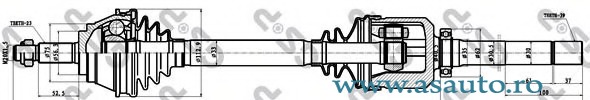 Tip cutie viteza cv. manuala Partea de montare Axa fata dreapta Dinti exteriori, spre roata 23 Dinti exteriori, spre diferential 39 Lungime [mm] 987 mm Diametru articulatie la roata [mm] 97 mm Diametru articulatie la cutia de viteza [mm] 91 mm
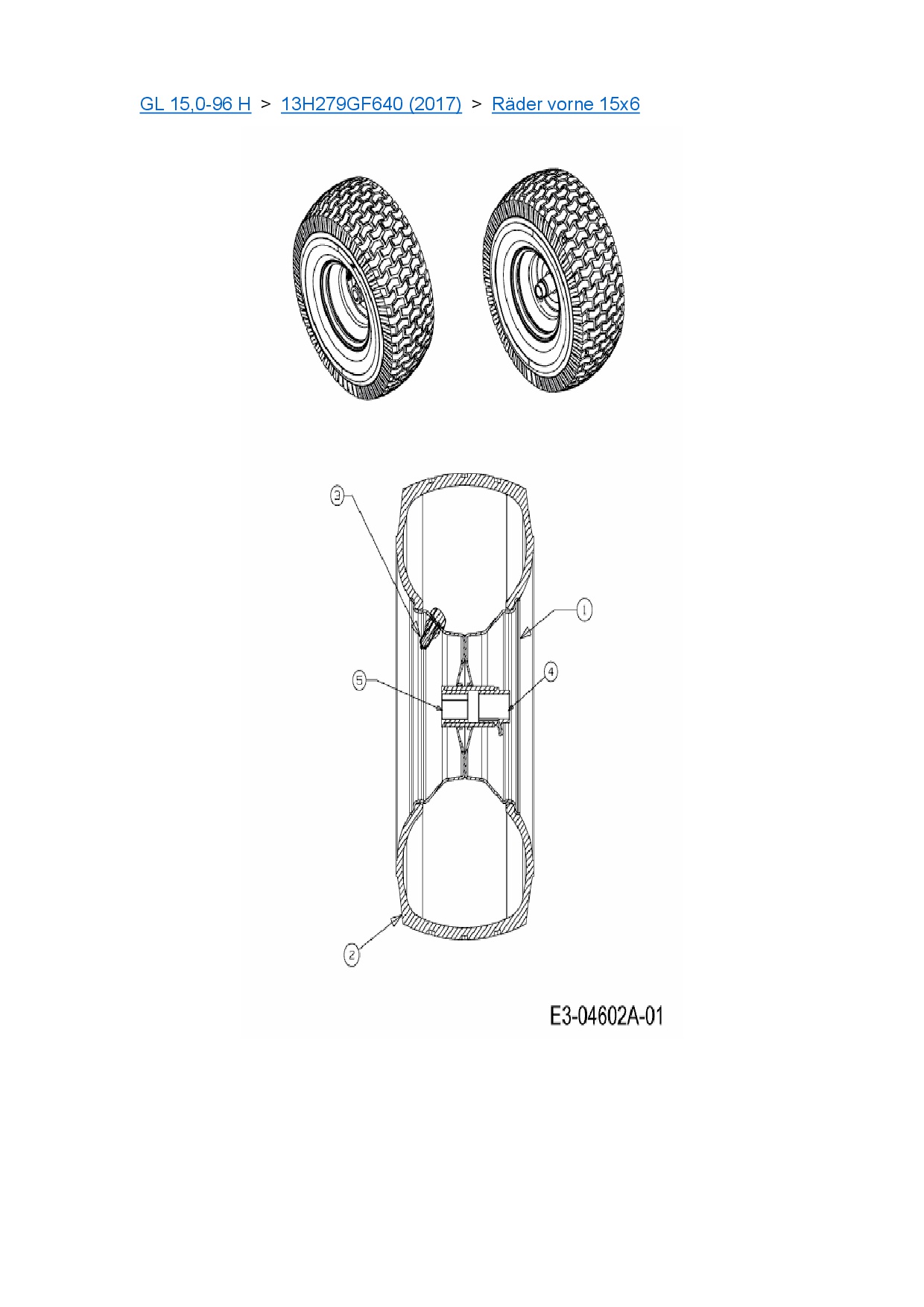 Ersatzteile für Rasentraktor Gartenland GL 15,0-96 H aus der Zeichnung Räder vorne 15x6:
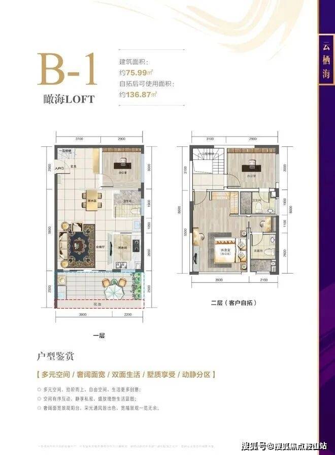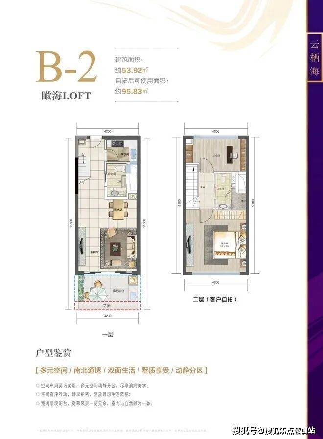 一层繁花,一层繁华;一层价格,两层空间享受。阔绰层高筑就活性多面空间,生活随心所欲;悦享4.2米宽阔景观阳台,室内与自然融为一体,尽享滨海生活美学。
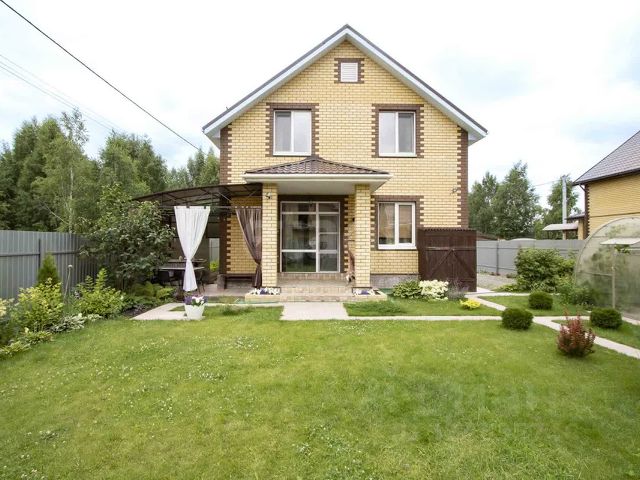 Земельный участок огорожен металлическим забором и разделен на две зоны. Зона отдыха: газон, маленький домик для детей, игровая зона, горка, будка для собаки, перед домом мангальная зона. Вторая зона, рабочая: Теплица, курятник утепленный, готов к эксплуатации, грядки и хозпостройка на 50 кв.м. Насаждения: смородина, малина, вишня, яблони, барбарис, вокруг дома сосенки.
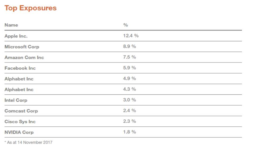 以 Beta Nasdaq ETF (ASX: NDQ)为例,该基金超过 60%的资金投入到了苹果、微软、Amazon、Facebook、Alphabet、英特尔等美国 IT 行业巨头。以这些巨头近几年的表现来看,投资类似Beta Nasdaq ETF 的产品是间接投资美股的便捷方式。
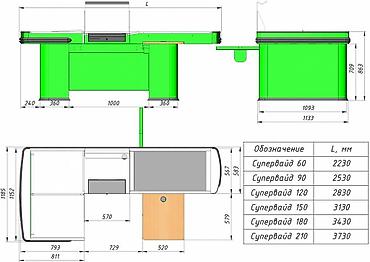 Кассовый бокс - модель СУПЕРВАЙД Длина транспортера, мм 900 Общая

•••••

What you have to do: Begin at the top of the records above and retype each line exactly until the line containing "一层繁花,一层繁华;一层价格", which is included. Skip all pictures.

Written solution:
 Tip cutie viteza cv. manuala Partea de montare Axa fata dreapta Dinti exteriori, spre roata 23 Dinti exteriori, spre diferential 39 Lungime [mm] 987 mm Diametru articulatie la roata [mm] 97 mm Diametru articulatie la cutia de viteza [mm] 91 mm
 Ersatzteile für Rasentraktor Gartenland GL 15,0-96 H aus der Zeichnung Räder vorne 15x6:
 一层繁花,一层繁华;一层价格,两层空间享受。阔绰层高筑就活性多面空间,生活随心所欲;悦享4.2米宽阔景观阳台,室内与自然融为一体,尽享滨海生活美学。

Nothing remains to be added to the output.